【EDITORS CHOICE】FILM『アルマゲドン・タイム ある日々の肖像』
監督のジェームズ・グレイが「自分の経験を直接、正直に表現することができれば、それが一番いい。そのために、もう一度自分自身の過去に立ち返ろうと思ったのです」と語る本作は、1980年のニューヨーク・クイーンズ地区が舞台。ウクライナ系ユダヤ人の家庭に生まれ育った11歳の末っ子ポール(バンクス・レペタ)は、アートへの関心は強いものの、勉強は不得意で、家族からも「変わった子」扱いされている。唯一の理解者は祖父のアーロン(アンソニー・ホプキンス)であった。問題児扱いされていた黒人の同級生ジョニー(ジェイリン・ウェッブ)と仲良くなるも、あることをきっかけにポールは私立学校へ転校、両親のいない貧困家庭に育ったジョニーは大人の庇護を受けられないまま、転落していく。
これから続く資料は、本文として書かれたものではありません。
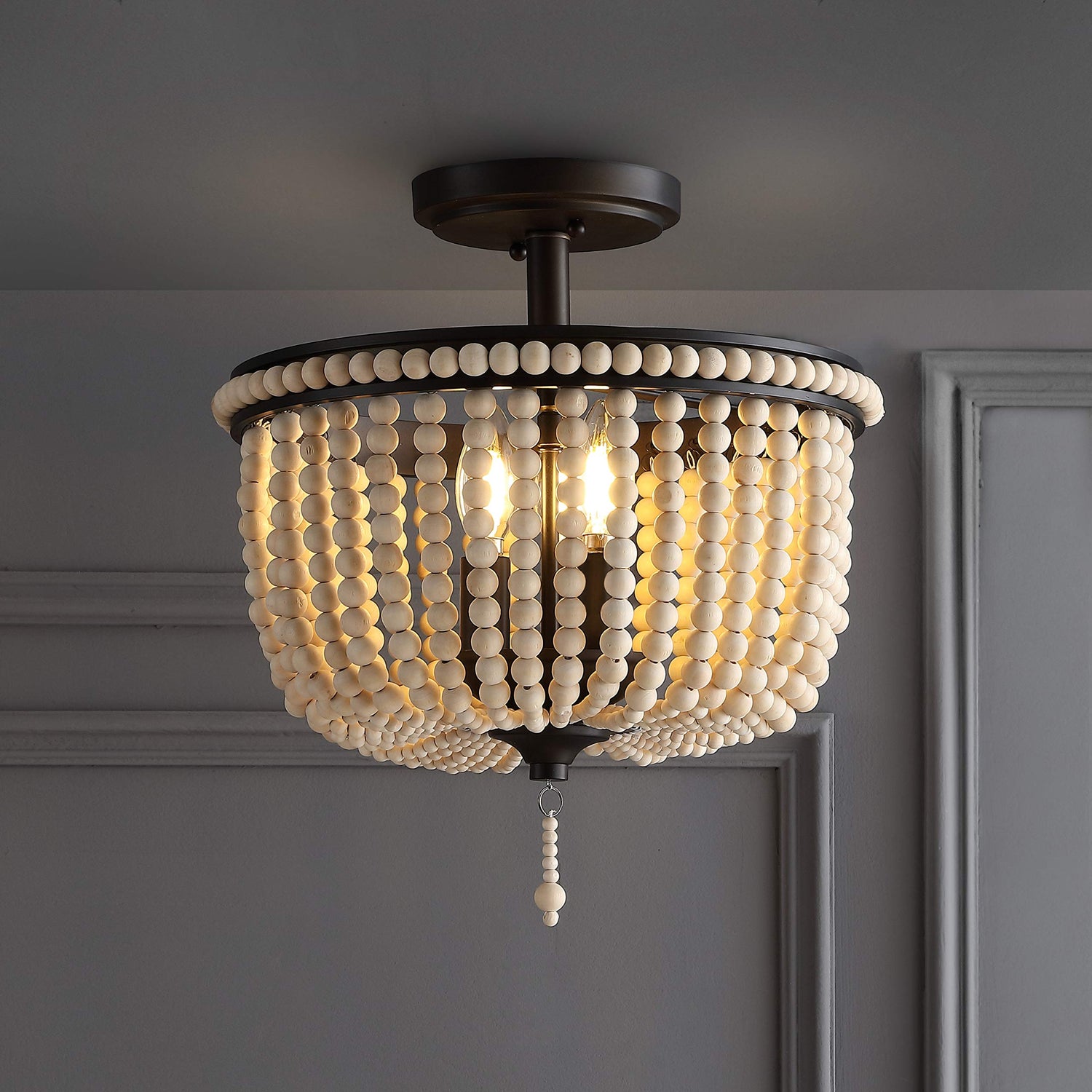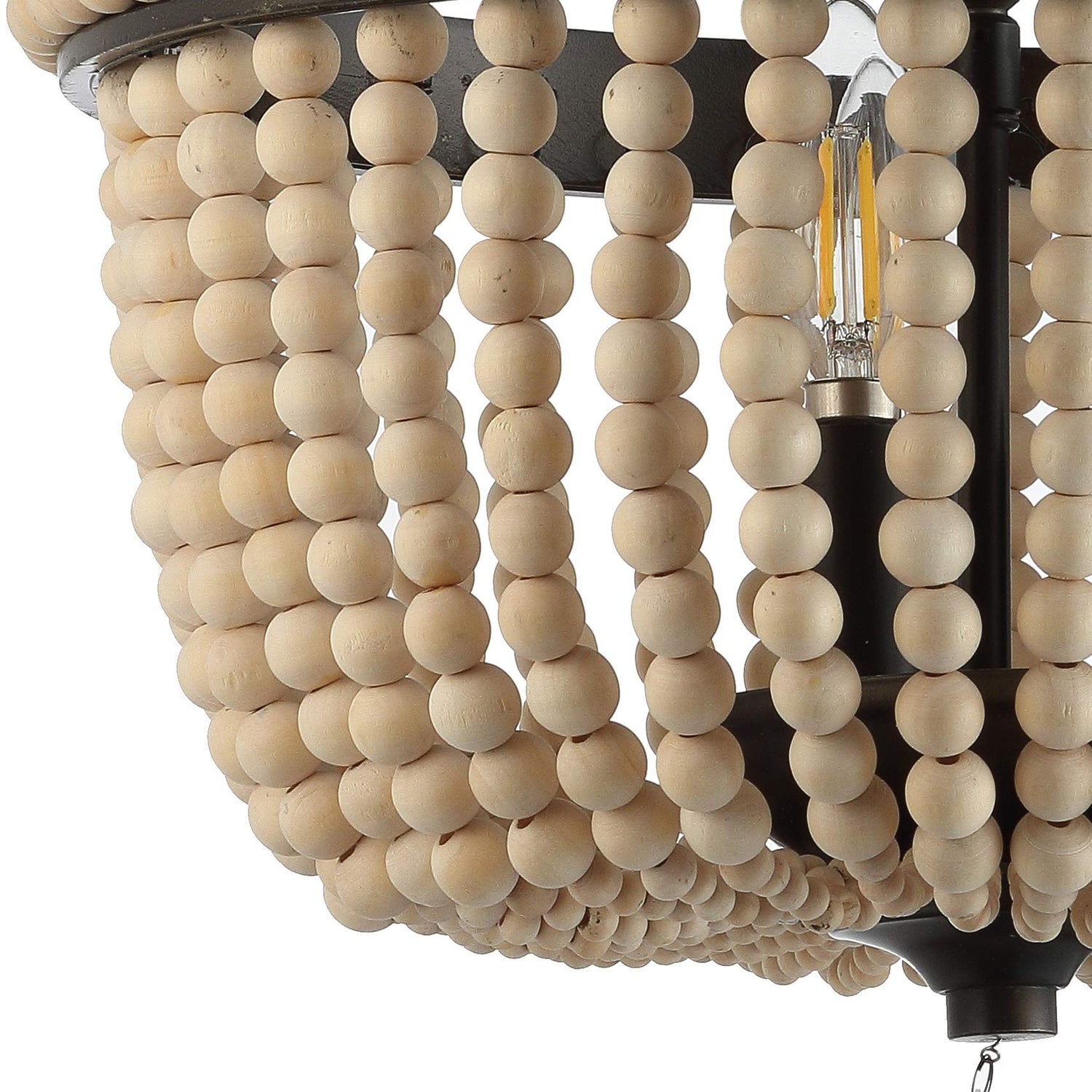 JONATHAN Y JYL9020A Allie 14" 3-Light Bohemian Farmhouse Wood Bead/Iron LED Flush Mount Transitional Rustic Kitchen Hallway Bathroom Bedroom Entryway Foyer, Black/Light Taupe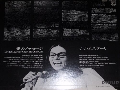 NANA MOUSKOURI “休み時間” 写真上は、アルバム・タイトル≪愛のメッセージ≫(PHILIPS FDX-317 1977)の邦盤LPの裏面で、彼女のレパートリー曲のほか、インターナショナルなナンバーを含めて全て英語歌詞で唄われているアルバムです。写真下は、アルバム・…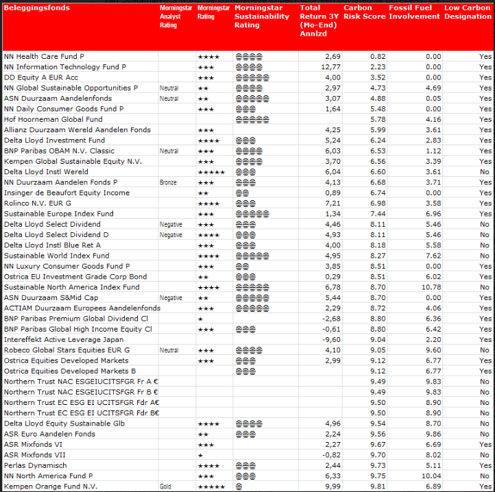 Onderstaande tabel rangschikt de beleggingsfondsen die verkrijgbaar zijn in Nederland naar Carbon Risk Score: de kolom met de Carbon Risk Score bepaalt de volgorde van de lijst.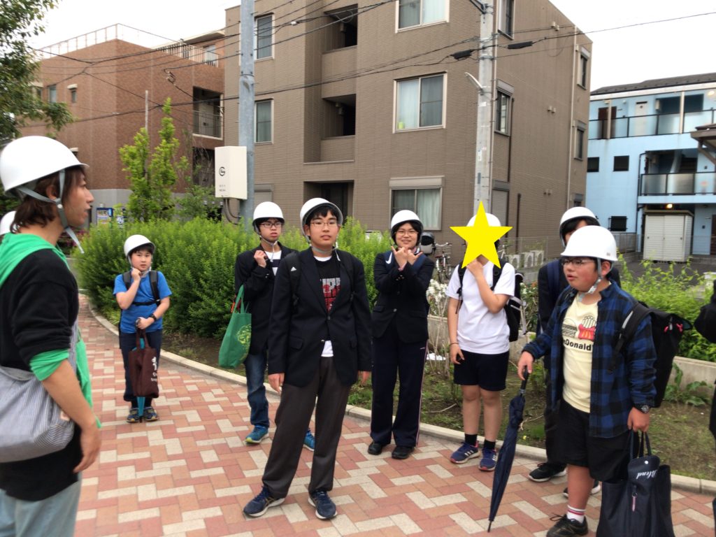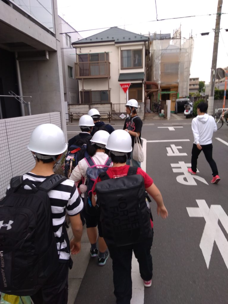 さて、いつもの避難訓練であればここで終わりですが、今回は引き取り訓練。そのまま緊急避難場所の学校まで歩いて移動していきます。移動中も、「マンションのベランダから物が落ちてきたら危ないね」などお話をしながら学校へ。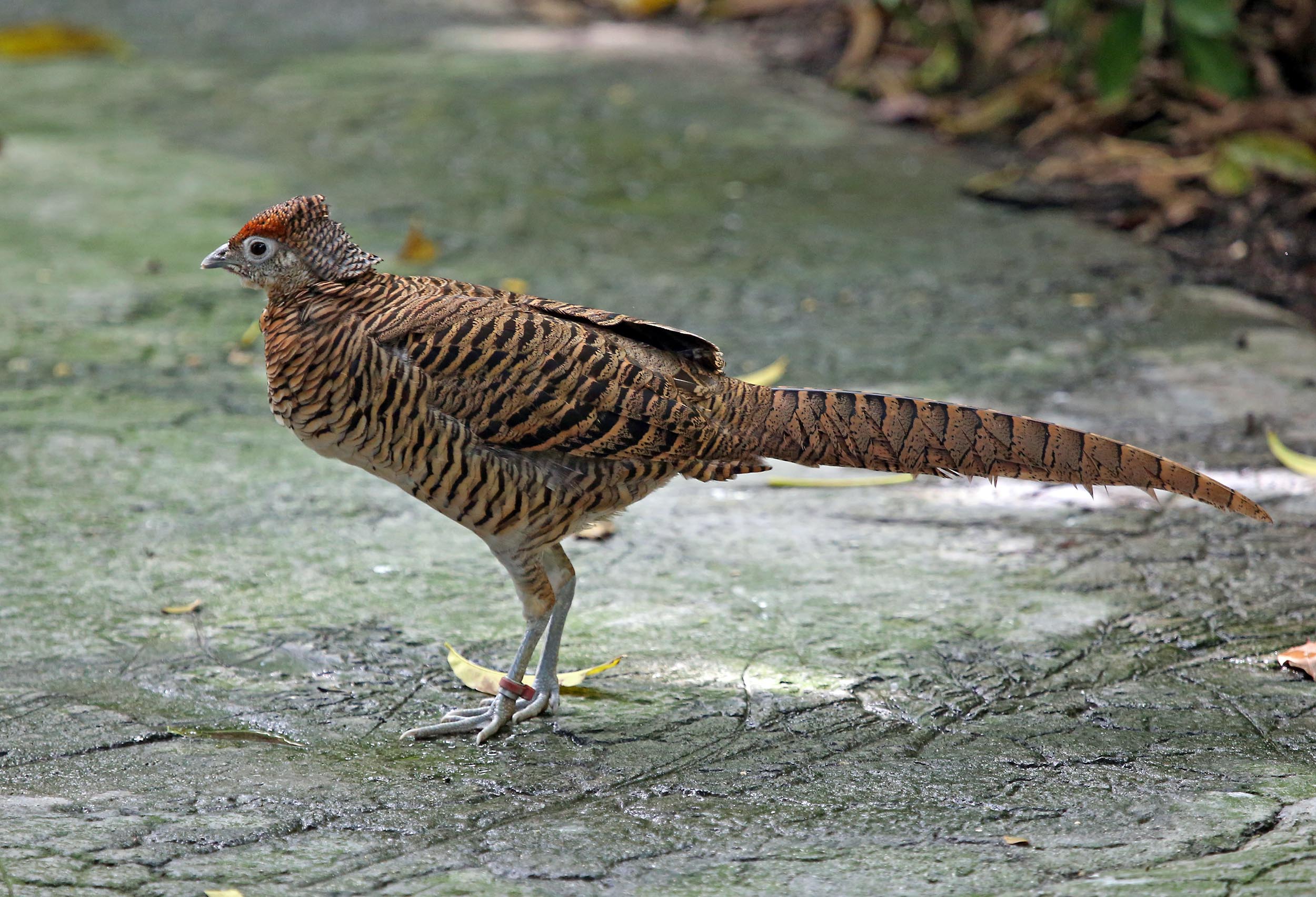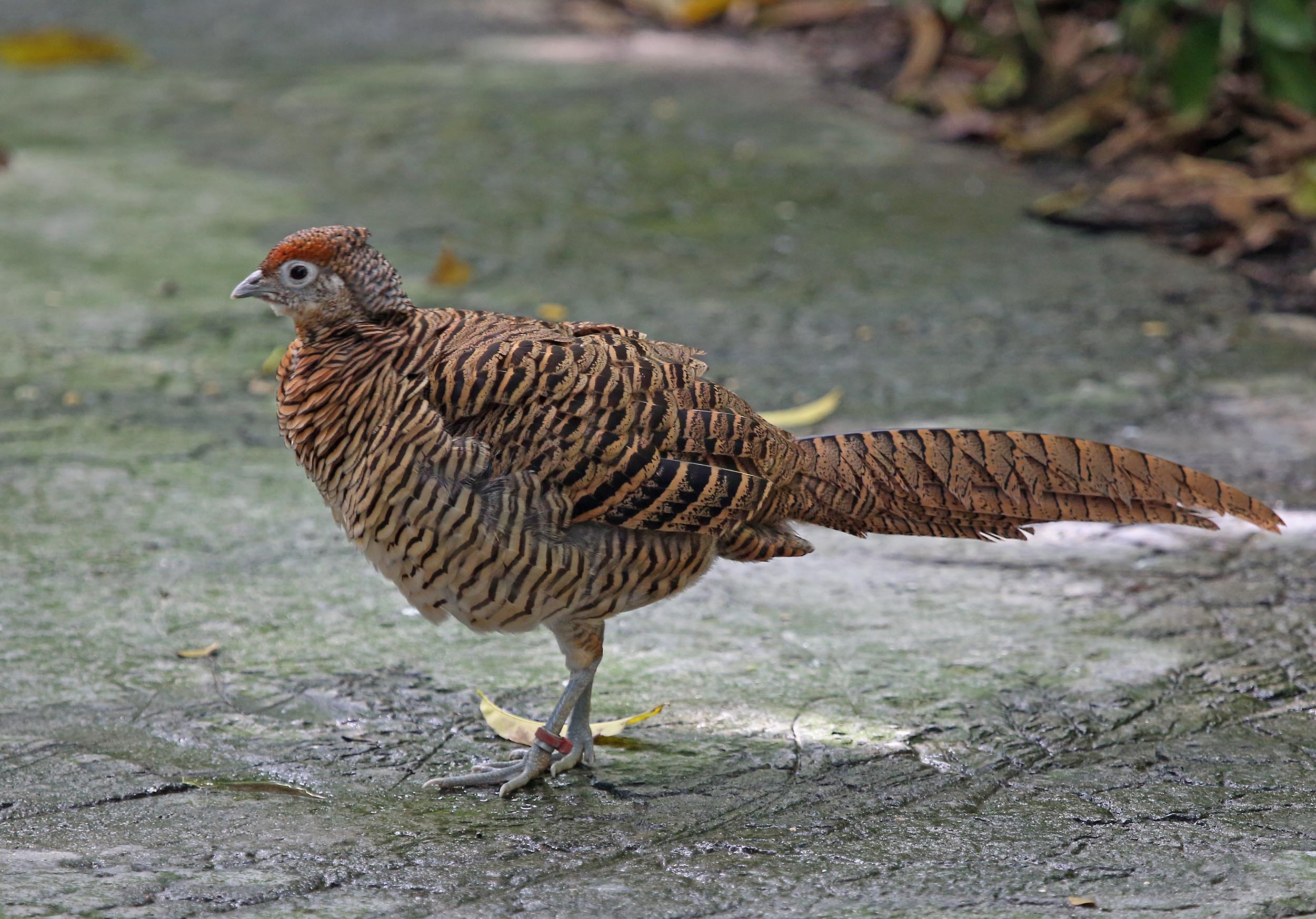 The Lady Amherst's Pheasant is native to south-western China and Burma. They eat insects, spiders, fern fronds, and bamboo shoots.

家庭環境の違いによる子供の格差、人種差別、今も大きく社会に横たわるこれらの問題は、果たしてどう変わっただろうか? 自身は配管工の息子ながらエンジニアとして踏ん張り何とか中流家庭に入ることができた父親(ジェレミー・ストロング)は、子を想うがゆえに厳しい躾をするが(今これを観ると残酷さが余計に際立って見える)、本当に子供と向き合えているだろうか?(様々な問題に切り込みつつも、子供が自分たちの力で眩い方へ向かっていけた是枝裕和監督の『怪物』とある意味対極だ) 映画のタイトルにもなった「Armageddon Time」(ザ・クラッシュ)はじめ、ノスタルジックとも言える数々の音楽が流れるが、いつの時代も変わらないテーマを厳しく検証している。
ホプキンスによる、少年の心を開かせる賢者のような温厚な老人という役柄は、『アトランティスのこころ』のテッドを彷彿とさせる。けれどあれはもう20年以上前の作品だ。未だ若者に気付きと励ましを与え続けられるホプキンスのキャリアと役者としての深みと豊かさにも唸ってしまう。